Перед нами картина нашествия. Взгляд поэта обводит страну: “серебряный мох”, “дорожный прах”, ветер опустошения, одинокость гаснущей на безлюдье песни; реки будут повернуты вспять, уведены стада, детей унесут на руках пришельцы - так турки воспитывали в свое время янычар из детей плененных народов, затемняя им родовую память и веру, делая их иванами-не-помнящими-родства. Одновременно возникает тема русского предательства, избегаемая литературой последнего времени:
И лихие вояки страну предадут,
Прогуляют ее в кабаках.
И вполне естественно, когда обнажено горе, подчеркнуто нападение, должна быть проведена линия раздела любви - ненависти, своего - чужого, умиротворения - страха, своей слезы - чужого смеха. Струкова может обозначить ее видимо, на фоне плавной речитативной речи показать чужое словарно: “в камуфляже и касках чужих, голубых все сметут, и останется страх...” Также и интонационно: слезы потерь сопровождает смех равнодушного к ним пришельца. Однако в цитируемом стихотворении нет ни одного упоминания о слезе, но удивительно напевно и щемяще показана кручина. Перед нами определенно отсыл к древнему русскому плачу. Понимая это, мы можем представить стихотворение, о котором идет речь, как сухой плач. В отличие от наглядной публицистической стороны поэзии Струковой (которая, повторим, никак не исчерпывает многосложное по внутреннему духовному строению творчество поэтессы), здесь налицо обозначение состояния, но не выговаривание его до последней крупинки чувства - своего рода психологическая синекдоха, часть в значении целого, явный признак глубокого поэтического дара.
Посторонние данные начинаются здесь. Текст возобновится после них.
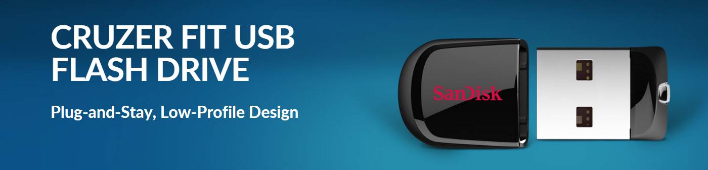 FOR “INVISIBLE” EXTRA STORAGE AND QUICK FILE TRANSFER With its advanced data security options and spacious capacity, the Cruzer Fit USB Flash Drive gives you a secure, easy way to transfer your personal files. This USB drive features a convenient low-profile design that's ideal for situations where a full-size USB drive is just too big, such as use with a TV or car audio device. The Cruzer Fit USB also connects easily to computers and tablets. LOW-PROFILE FOR EASY CONNECTIONS The drive's low-profile design allows it to easily connect to any USB device. Connect it to hard-to-access TV USB ports for HD video play back or bring your music library to your car via the USB port on your vehicle's audio system. The Flash Drive comes with a protective cap, which shields the USB connector from damage when not in use. HIGH-CAPACITY DRIVE HOLDS MUSIC, VIDEO, PHOTOS, AND PERSONAL FILES Despite its compact size, the Cruzer Fit USB Flash Drive packs enough capacity for your favorite files and your most critical personal data. Available in capacities from 8GB to 64GB, the drive can accommodate photos, songs, and whatever else you need to carry. ADD FILES EASILY WITH DRAG-AND-DROP FILE LOADING It's easy to add files to the Cruzer Fit USB Flash Drive: just plug the USB drive into your computer's USB port and drag your files into the drive's folder. You don't need to download drivers or install software to use it, so you can start storing, transporting, and sharing your data immediately. SANDISK SECUREACCESS SOFTWARE PROTECTS YOUR PRIVATE FILES The Cruzer Fit USB Flash Drive comes with SanDisk SecureAccess, which creates a password-protected private folder on your Flash Drive. With your private files protected with 128-bit AES encryption, you'll be able to share your USB drive without compromising your privacy. |

Похоже - не точно и окончательно, но вопрошая и переча - присутствует у Струковой чрезвычайно сложная духовная связь лирической героини с Небом, с христианским Богом. Часто можно встретить смятенные критические отклики, вызванные ее поэтическими строками, звучащими, кажется, кощунственно, богохульно. На первый взгляд, так оно и есть. Но если пристально вглядываться в струковский поэтический мир, то можно обнаружить, что героиня Струковой, обращаясь к самым разным священным символам (бог, войны, валькирия, Ирий, Солнце, астрал), сакральные действия воспроизводит исключительно православные: “перекрестим дымящийся дол”... А роптание и упреки Богу у Струковой - это речь русского Иова, также имеющая определенную традицию в истории русского Православия. Тут сквозит тоска и ожидание кары, которая падет на голову возвысившего голос поэта, и поэт умрет с чувством радостного успокоения: Божий гнев непременно прольется далее не врагов родной земли. Именно для того и возрастает роптание в душе поэта. Готовность умереть, вызвав гнев Бога на неправду, и неправедность, - вот что слышится в стихах
Струковой, а вовсе не языческое отречение и родовая гордость. Бог вырастил это негодование в сердце поэта, которое способно к сопротивлению, к подвигу, к смерти за святое, поэтому ужасаться “букве” ропота означает не видать промыслительных корней такого роптания. Здесь - неохотность пути на битву (несмотря на отчетливо сказанное: “поле битвы мое убежище”; “в случае происшествия я выбираю бой... В случае поражения я выбираю смерть”), участия в ней только человеческими силами, ведь неправда должна быть поражена Высшим судом, а не земным. Тут не найти посягательств на ниспровержение Божьей прерогативы властвовать, нет борьбы с Богом - но есть в земном мире борьба от Бога и борьба от себя. И пресловутый ропот означает вопрошание: зачем борьба от Бога так мала, почему борьба от себя так надрывна?! Признание Его силы и власти безусловно, и героиня готова погибнуть “дважды”: в наказание за дерзостный выкрик в Небеса - и от железной десницы мира, от борьбы с которой не уклониться, но только идти ей навстречу в последней готовности пасть за русскую правду. Такое роковое пограничье - между полной терпения верой и вознесением гневного голоса к небу, между русской уступчивостью и русским воинским духом, наконец, между стяжанием славы, дарованной Богом, и смертью, сопровождающей это сияние славы, - такое неотступное сочетание-преследование на протяжении всей русской истории постоянно и составляет непостижимую для западного ума предельность русской жизни, ее высоту и бездну.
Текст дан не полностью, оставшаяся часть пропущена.